The fee increases depend on which section of the Act is implicated by the request for a written opinion. Opinions on misleading representation and deceptive marketing practice provisions, which previously cost C$500, are now C$1,000. The service standard for the review of a non-complex case in that category has increased from eight days to two weeks and for a complex case from thirty days to six weeks. The fee for an advisory opinion on "all other" sections of the Act used to be C$4,000 with a service standard of four weeks for non-complex cases and eight weeks for complex. Under the new Fees and Service Standards schedule, opinions relating to sections 45 to 51 (including conspiracy and price discrimination) and section 79 (abuse of dominance) now cost C$15,000. The service standard for non-complex cases is six weeks and for complex cases, ten weeks. The service standard has therefore increased by two weeks in each case, while the cost has increased (astronomically) from C$4000 to C$15,000. With respect to the remaining provisions of the Act (not including ARC requests or opinions regarding merger notification requirements), the fee is C$5,000 and the service standard is four weeks for non-complex and eight weeks for complex. This represents a 25% increase in the fees, while the service standard has remained the same.

If you would like any further information on these changes, please contact a member of the Competition Group. The Bureau's revised Fee and Service Standards Handbook may be found at http://strategis.ic.gc.ca/ssg/ct02530e.html.

Other Developments

Bureau Will Apply Identical Standards to Online Representations and Traditional Media

On February 18, 2003, the Competition Bureau (the "Bureau") released its Information Bulletin on the Application of the Competition Act to Representations on the Internet (the "Bulletin"). The Bulletin is designed to ensure that businesses that are making online representations understand their responsibilities under the misleading representation and deceptive marketing provisions of the Competition Act (the "Act"). The Bulletin, which followed a consultation process with stakeholders, details the Bureau's approach to the application of the Act to online representations. The Bureau's position is that the Act applies equally to false or misleading representations, regardless of the medium used, and that the same basic principles that govern truthfulness in traditional advertising and marketing practices apply to their online counterparts. The Bureau does not believe that the enforcement of the Act will bias business activity either toward or away from the Internet.

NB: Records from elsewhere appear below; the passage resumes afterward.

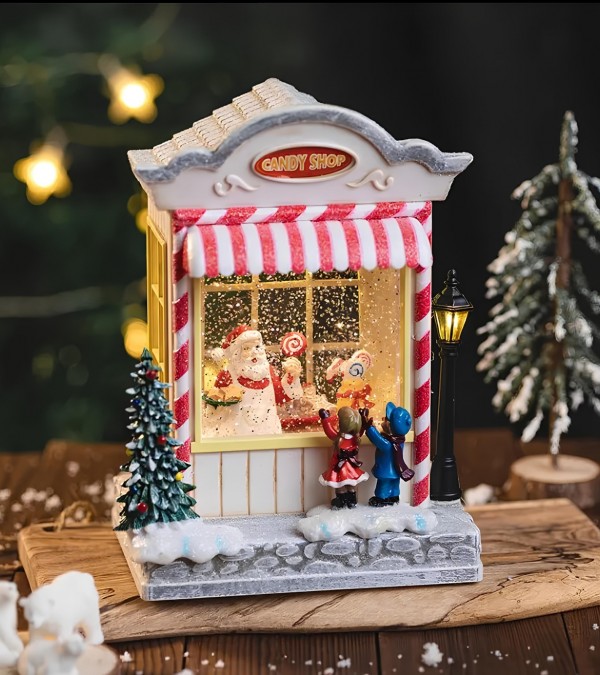 Yılbaşı Temalı Şekerci Dükkanı Kar Küresi Işıklı Müzikli Alk3191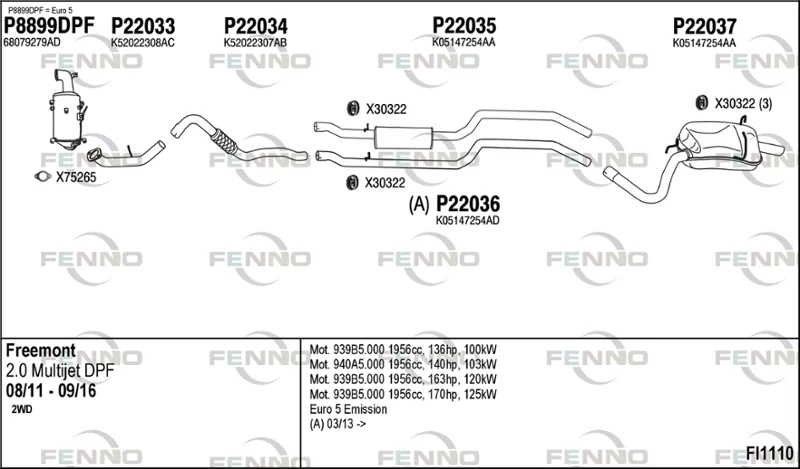 FIAT FREEMONT (345_) 2.0 JTD - Výfukový systém - kompletní od 8/2011 do 12/2015, 1956 ccm, 100 kW, 136 hp, 939 B5.000, velkoprostorová limuzína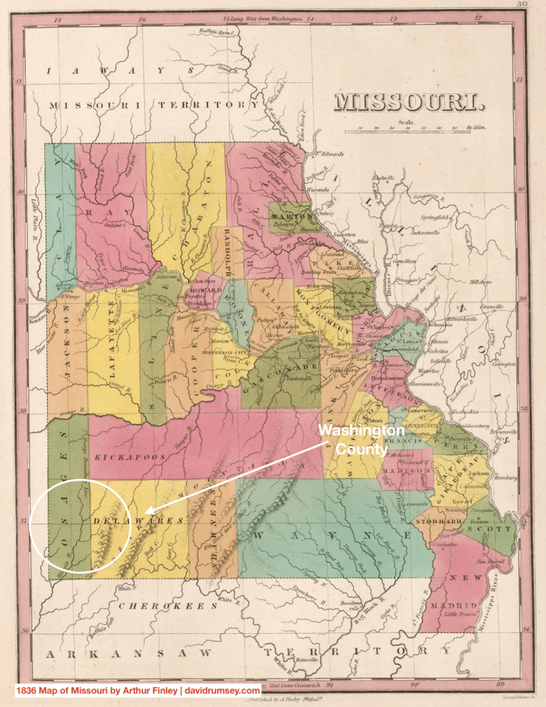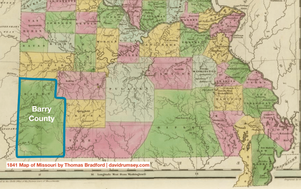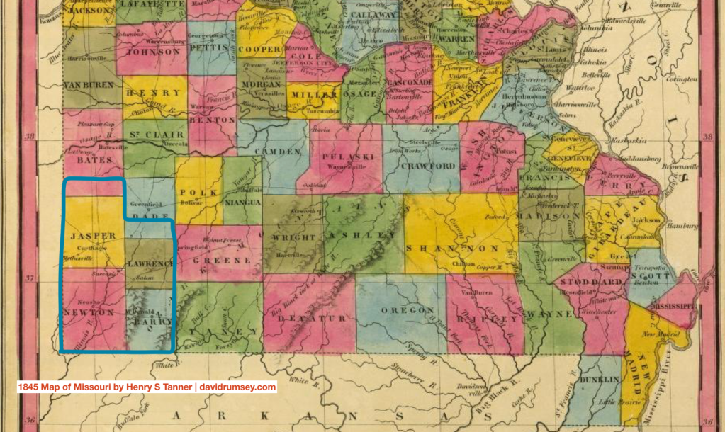 In the mid 1830s, the Rickner family and Permelia’s brother, Moses J Baker migrated again, leaving Washington County, Missouri for southwestern Missouri. The land was still predominately occupied by American Indians who had been removed from their homelands in the east. In 1837, rumors spread the the Osage “were coming” and the Missouri government sent a sizable militia to the area. The Osage, out-numbered, surrendered. By 1840, the land would be organized into counties, that were rapidly subdivided into smaller counties as the Euro-American population grew and the American Indian population was killed or removed into the Indian Territories (Kansas & Oklahoma).

Commissioner Shares Views and Encourages Input on Canada's Changing Competition Regime

On February 26, 2003, Konrad von Finckenstein gave an address to the Insight Conference on Canada's changing competition regime. He briefly outlined the changes brought about by Bill C-23, which became law in June 2002, and discussed the process that is currently underway to develop the next round of proposed amendments to the Act. The Commissioner noted, among other things, the considerable support for a two-track approach to the conspiracy provisions, the possibility of introducing administrative monetary penalties into several provisions of the Act, the possible extension of private access to certain civil provisions, as well as possible changes to the current criminal pricing provisions. The Commissioner ended his address by encouraging stakeholders to actively participate in the upcoming consultation process.

Interpretation Guideline Outlines Bureau's Approach to Ordinary Course Acquisitions Exemption

The Bureau recently released its Interpretation Guideline on the exemption for acquisitions in the ordinary course of business. Paragraph 111(a) of the Act exempts certain acquisitions in the ordinary course of business from notification. The exemption was enacted for the benefit of large purchasers that buy real or personal property over the value of C$35 million for use in their ordinary business operations. The Guideline outlines the Bureau's method of determining whether an acquisition of real property or goods qualifies for the exemption.